Start of Block
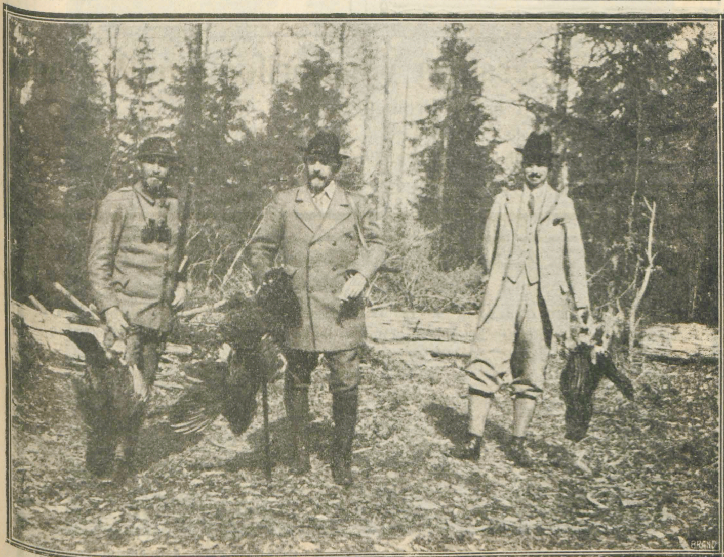
M. S. REGELE LA VÂNATOARE DE COCOȘI DE MUNTE
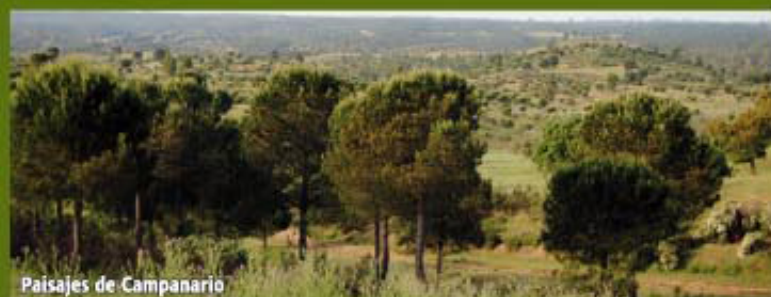
Paisajes de Campanario

Cruzamos la carretera y proseguimos por un camino, que a 1.200 m se une al antiguo ramal ferroviario Mina Campanario-El Cuervo, que cogemos a la derecha, y al cabo de otros 1.600 m observaremos a nuestra izquierda la Casa de Las Colmenas, junto a una esquina de alambrada (Pto. 7-5 Coord. 29S X=692198 Y=4156896).
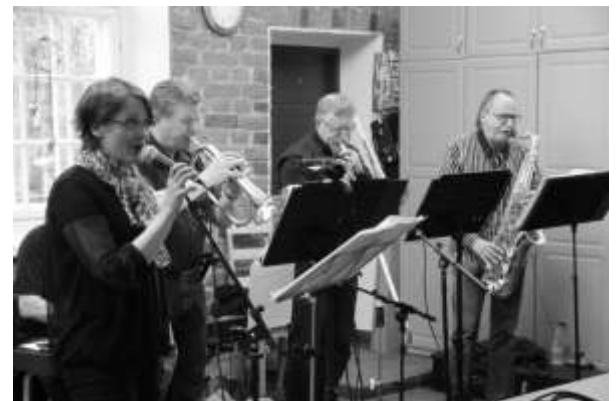
Arsenin jazzit Wanhalla meijerillä.
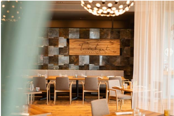
Interior del Restaurant Treibgut en Ulm
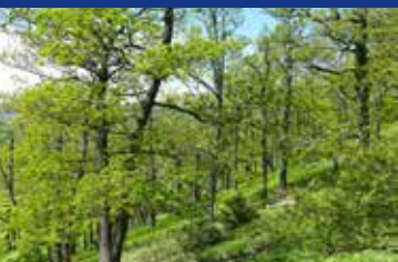
Eichen am Burgberg
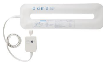
見守り支援システム
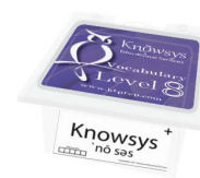
Flashcards Sets en cajas
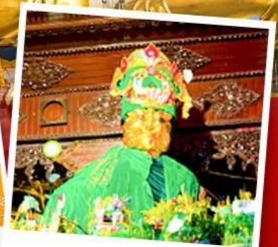
ขอพรแม่ยักยี
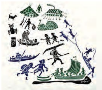
Détail de la couverture
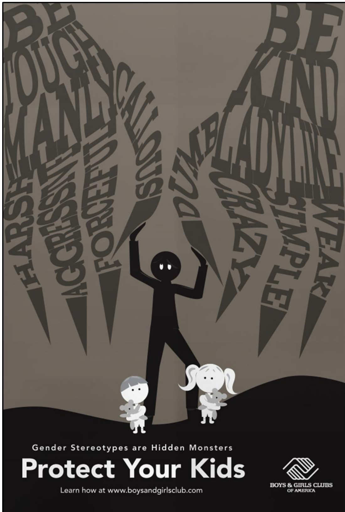
FIGUUR C: Geslagstereotipe-veldtogplakkaat deur Lindsay Helms (VSA), 2017.

Verduidelik hoe beelde en teks gebruik word om die boodskap van geslagstereotipering in FIGUUR C hierbo oor te dra.
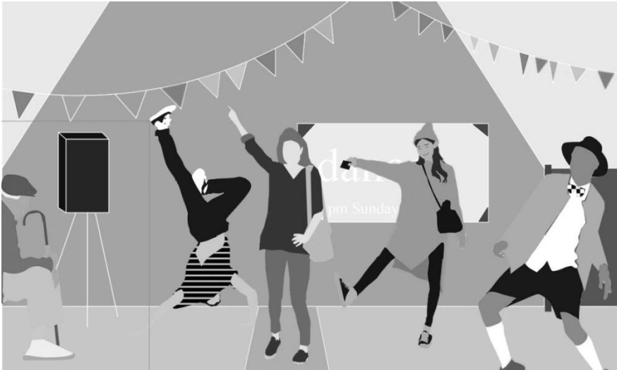
Rysunek 2. Inicjatywa taneczna Dance-O-Mat.

Projekt LQC stara się podejmować działania pomimo braku dostępnych środków na poprawę przestrzeni publicznej. Partycypacyjny i wspólnotowy charakter projektów to ostatni z czynników. Źródła finansowania mogą pochodzić z kampanii crowdsourcingowych, programów rządowych ukierunkowanych na działania kulturowe, prywatnych instytucji oraz fundacji, jak również firm usytuowanych w pobliżu działki.
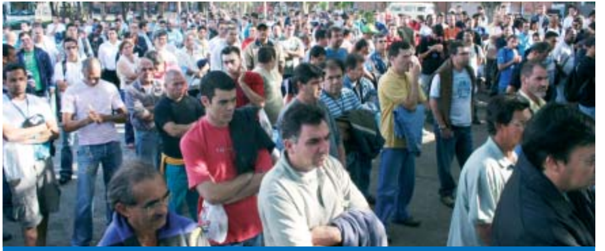
Os acordos foram negociados nas empresas Stell Coat, Quasar, SG, SM, Gestamp, Aethra, Goodyear e Servlog, beneficiando cerca de 1.450 trabalhadores

"Temos a clareza que a PLR é um instrumento de geração de renda para os trabalha-
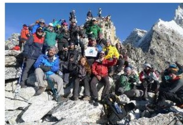
Grupo que fez parte do Trekking solidário ao Everest no cume do Kata Pattar - Autor: Pedro Hauck
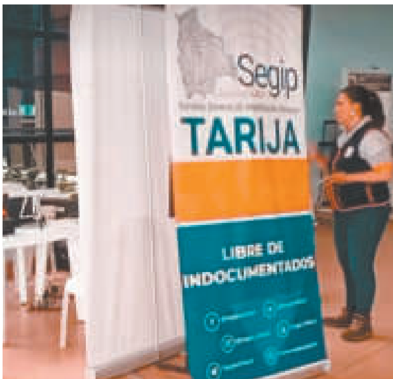
Segip extiende cédula de identidad en Tarija.
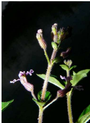
67 Cuphea racemosa LYTHRACEAE
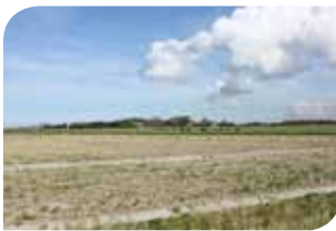
Het wijde Zeeuwse land

De samenwerkende corporaties 'plukten eerst het laaghangende fruit' en boekten daarmee snel resultaat. De volgende stap vraagt meer inzet van de deelnemers omdat de horizon nu verder weg ligt. Maar de interesse in en behoefte aan samenwerking is er: corporatie nummer zes Zeeuwsland is onlangs aangeschoven.
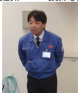
概要説明の貝塚総務部長様
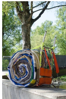
LINE SOLBERG DOLMEN (F. 1982) Vi bygger og utvikler fremtidens sanfunn III (2016) Fotografi, 79x52cm
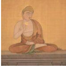
Jiun roshi over Dharmatransmissie
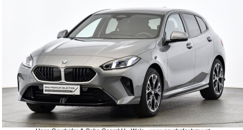
Hans Geyrhofer & Sohn GesmbH - Wels - www.geyrhofer.bmw.at
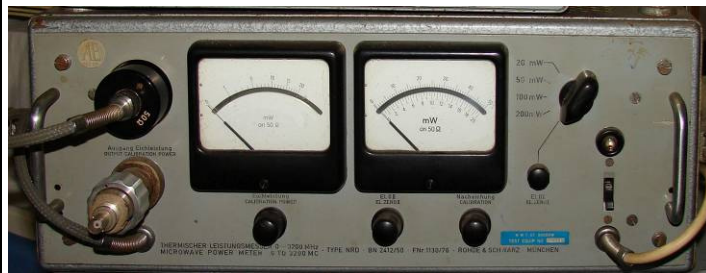
508.34 R.&S. Thermischer Leistungsmesser 0...3200MHz. Type NRD BN2412/50
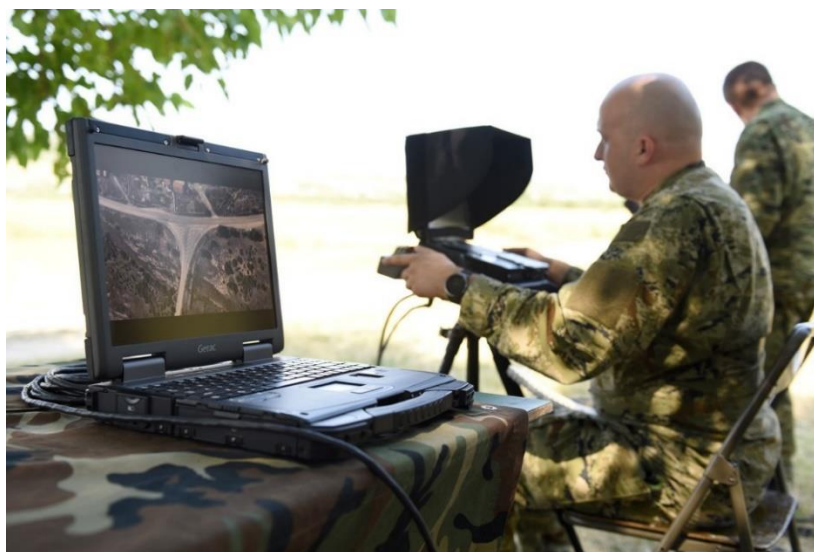
Slika 11. Upravljačka stanica i prikaz terena
End of Block
> _WORK ITEM_
Wherever a picture appears in the records above, skip it and retype everything else exactly.

> _ANSWER FOR THIS EXERCISE_
M. S. REGELE LA VÂNATOARE DE COCOȘI DE MUNTE
Paisajes de Campanario

Cruzamos la carretera y proseguimos por un camino, que a 1.200 m se une al antiguo ramal ferroviario Mina Campanario-El Cuervo, que cogemos a la derecha, y al cabo de otros 1.600 m observaremos a nuestra izquierda la Casa de Las Colmenas, junto a una esquina de alambrada (Pto. 7-5 Coord. 29S X=692198 Y=4156896).
Arsenin jazzit Wanhalla meijerillä.
Interior del Restaurant Treibgut en Ulm
Eichen am Burgberg
見守り支援システム
Flashcards Sets en cajas
ขอพรแม่ยักยี
Détail de la couverture
FIGUUR C: Geslagstereotipe-veldtogplakkaat deur Lindsay Helms (VSA), 2017.

Verduidelik hoe beelde en teks gebruik word om die boodskap van geslagstereotipering in FIGUUR C hierbo oor te dra.
Rysunek 2. Inicjatywa taneczna Dance-O-Mat.

Projekt LQC stara się podejmować działania pomimo braku dostępnych środków na poprawę przestrzeni publicznej. Partycypacyjny i wspólnotowy charakter projektów to ostatni z czynników. Źródła finansowania mogą pochodzić z kampanii crowdsourcingowych, programów rządowych ukierunkowanych na działania kulturowe, prywatnych instytucji oraz fundacji, jak również firm usytuowanych w pobliżu działki.
Os acordos foram negociados nas empresas Stell Coat, Quasar, SG, SM, Gestamp, Aethra, Goodyear e Servlog, beneficiando cerca de 1.450 trabalhadores

"Temos a clareza que a PLR é um instrumento de geração de renda para os trabalha-
Grupo que fez parte do Trekking solidário ao Everest no cume do Kata Pattar - Autor: Pedro Hauck
Segip extiende cédula de identidad en Tarija.
67 Cuphea racemosa LYTHRACEAE
Het wijde Zeeuwse land

De samenwerkende corporaties 'plukten eerst het laaghangende fruit' en boekten daarmee snel resultaat. De volgende stap vraagt meer inzet van de deelnemers omdat de horizon nu verder weg ligt. Maar de interesse in en behoefte aan samenwerking is er: corporatie nummer zes Zeeuwsland is onlangs aangeschoven.
概要説明の貝塚総務部長様
LINE SOLBERG DOLMEN (F. 1982) Vi bygger og utvikler fremtidens sanfunn III (2016) Fotografi, 79x52cm
Jiun roshi over Dharmatransmissie
Hans Geyrhofer & Sohn GesmbH - Wels - www.geyrhofer.bmw.at
508.34 R.&S. Thermischer Leistungsmesser 0...3200MHz. Type NRD BN2412/50
Slika 11. Upravljačka stanica i prikaz terena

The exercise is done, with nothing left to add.